Using the Mail Server Panel

Receiving mail from other mail servers

If your server has a domain name, and is reachable via its domain name by other mail servers on the Internet, then, so long as the Postfix SMTP server is running, it is already able to receive mail sent by these other servers.

All you need to do is to tell Postfix is which domain it is supposed to receive mail for, on your behalf. You enter the domain name into MailServe's Domain Name field, as shown below, and Restart Postfix to make the setting "stick".

The Mail
Server Panel

Viewing the stored mail—using POP3 and IMAP servers

The Postfix SMTP server does the job of talking to other mail servers, sending mail to and receiving mail from these other servers. All incoming mail is stored in an Inbox—one for each mail user on the server.

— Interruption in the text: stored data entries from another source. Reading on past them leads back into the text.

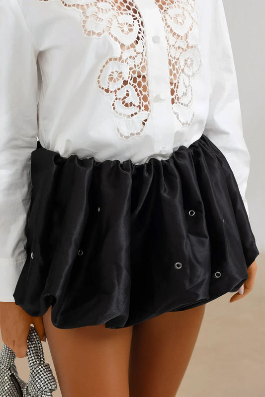 Bubble Skirt with Eyelet Details and Lace-Up Front - Black
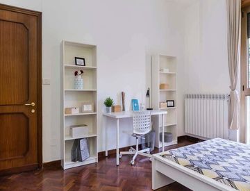 Si tratta di una Stanza all'interno di un appartamento di 180 m², al 2° piano, con 2 bagni, 7 posti letto distribuiti su 7 stanze.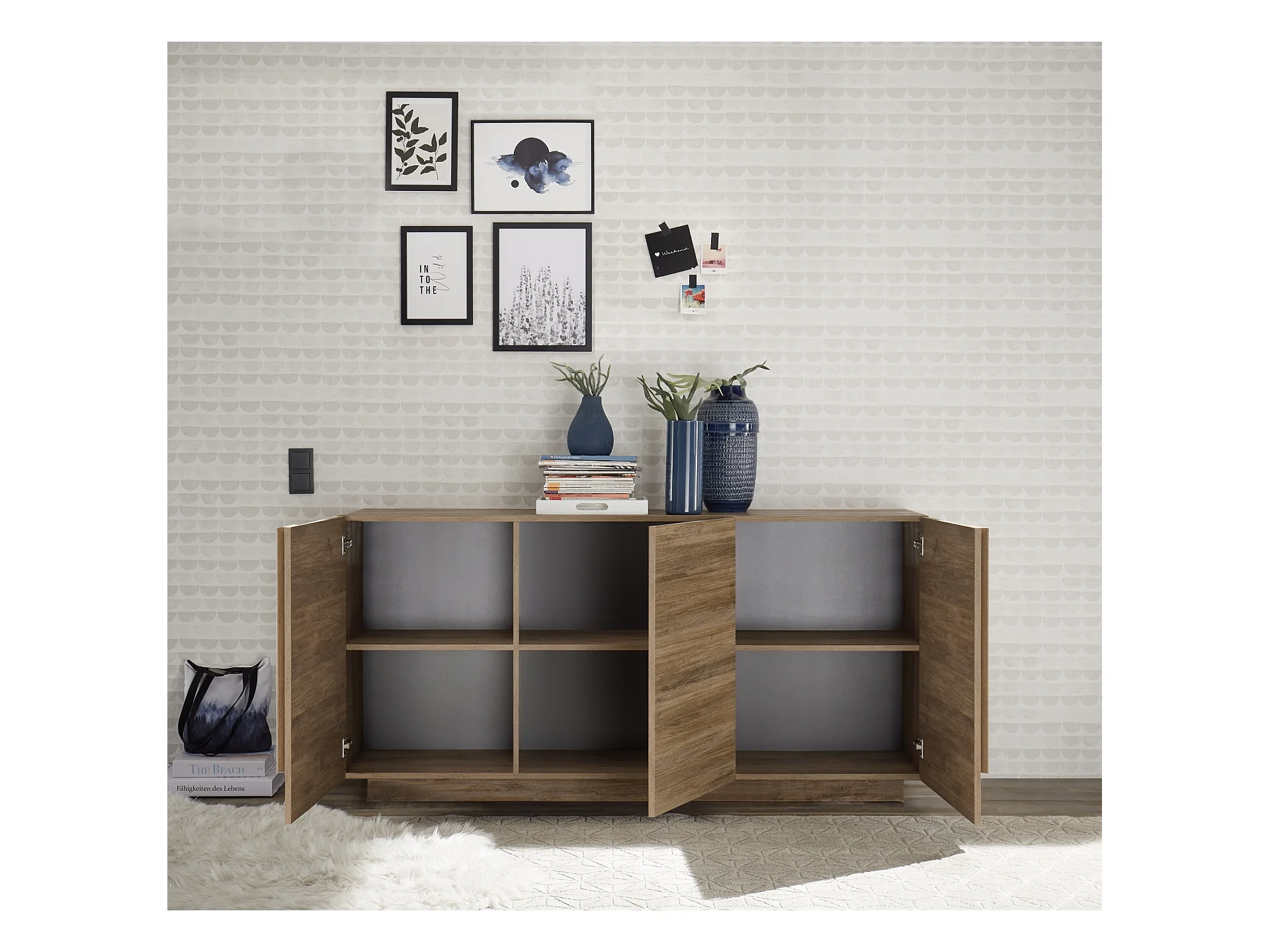 Madia da soggiorno 4 ante 211x88 cm bianco effetto legno e rovere ML59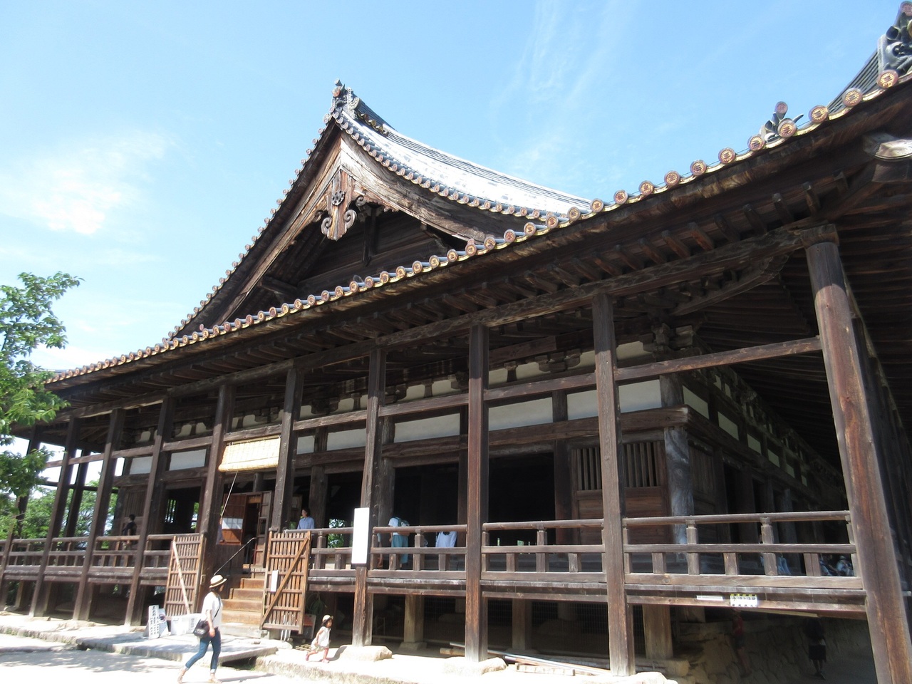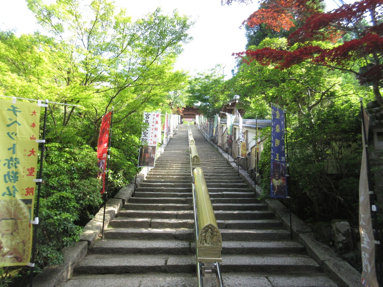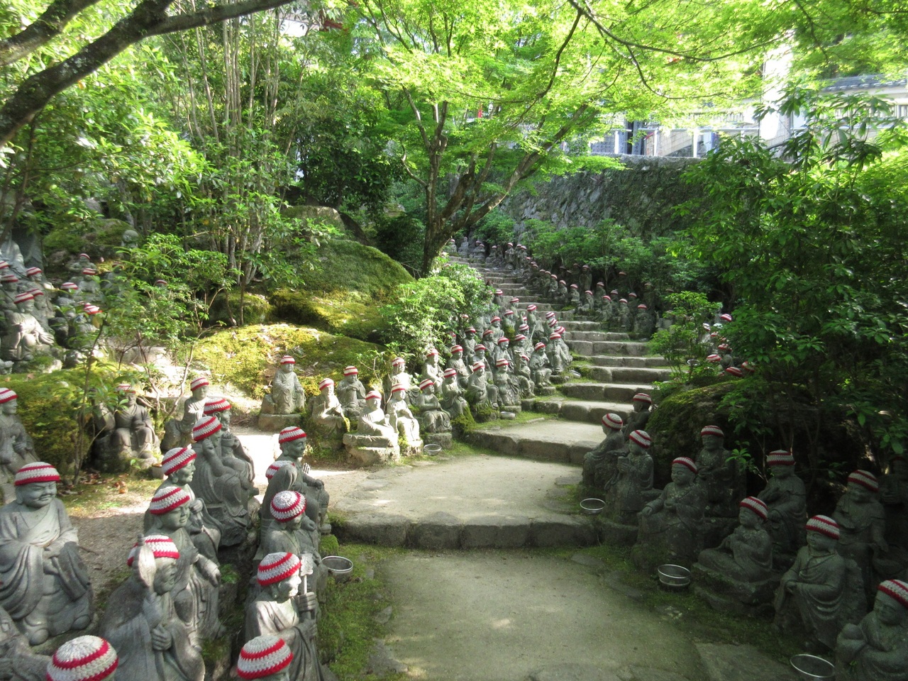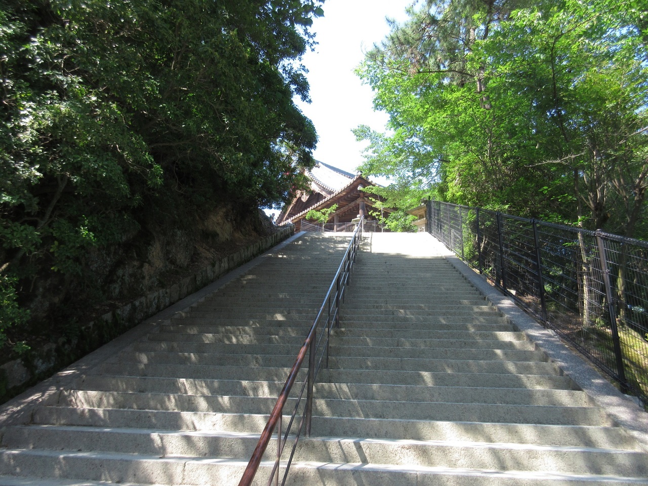本堂へ繋がる長い階段には、仏陀の弟子たち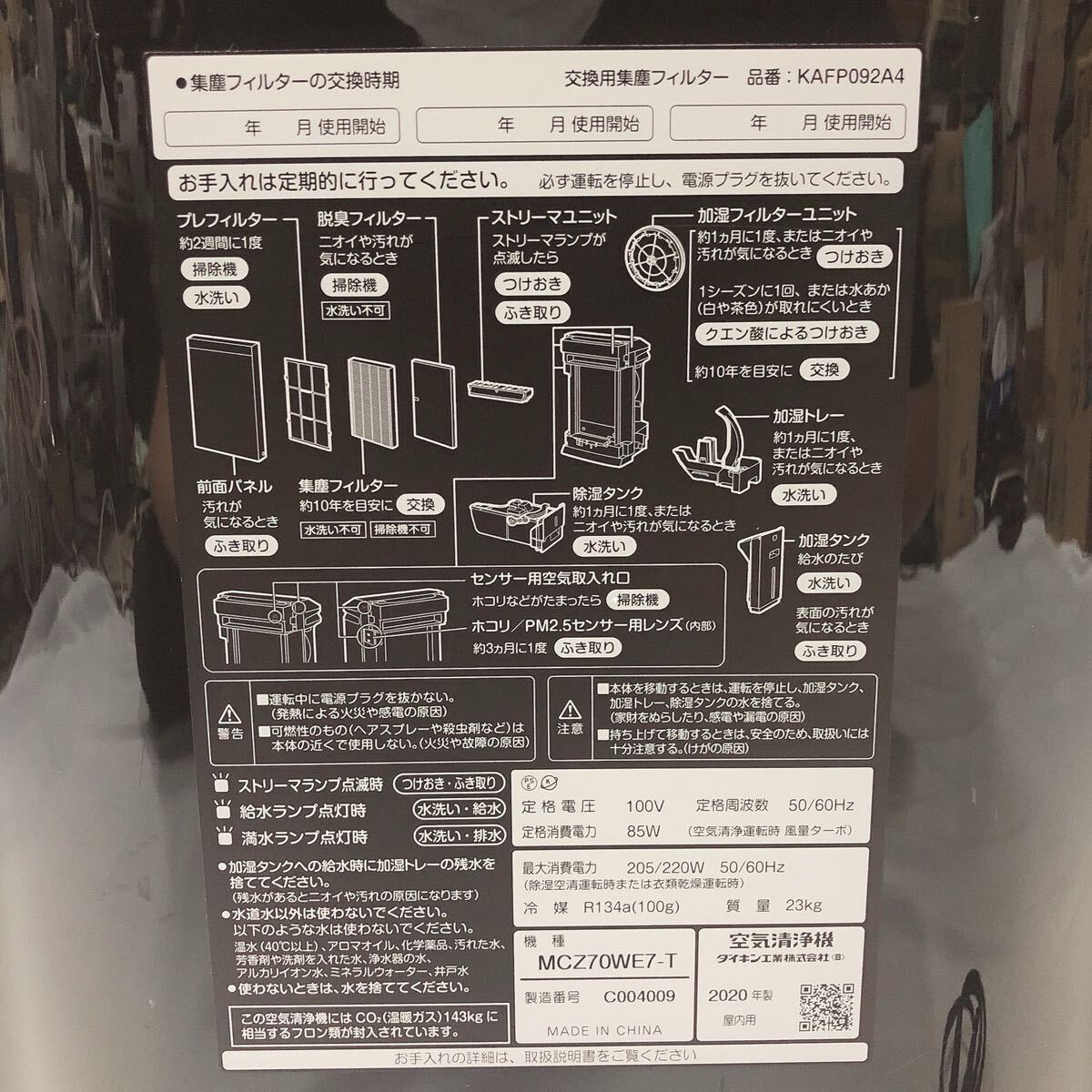 ★2-1007 動作品 DAIKIN ダイキン MCZ70WE7-T 2020年製 空気清浄機 家電 ブラウン系 追加写真有り 收藏

The job of providing a view into these stored mail for every mail user is done by POP3 and IMAP servers.

IMAP additionally provides the user with a folder structure on the server to organise his stored messages.

MailServe Pro offers a choice of two IMAP flavours. With UW/IMAP, the folder structure is only a single-level deep. Dovecot is more powerful. It allows the user to create nested sub-folders, any level deep. Dovecot is also faster.

Choose one of the two—go to its relevant section (UW/IMAP or Dovecot)—and turn it on. The Port Status lights should look like that below. Then move to the next section.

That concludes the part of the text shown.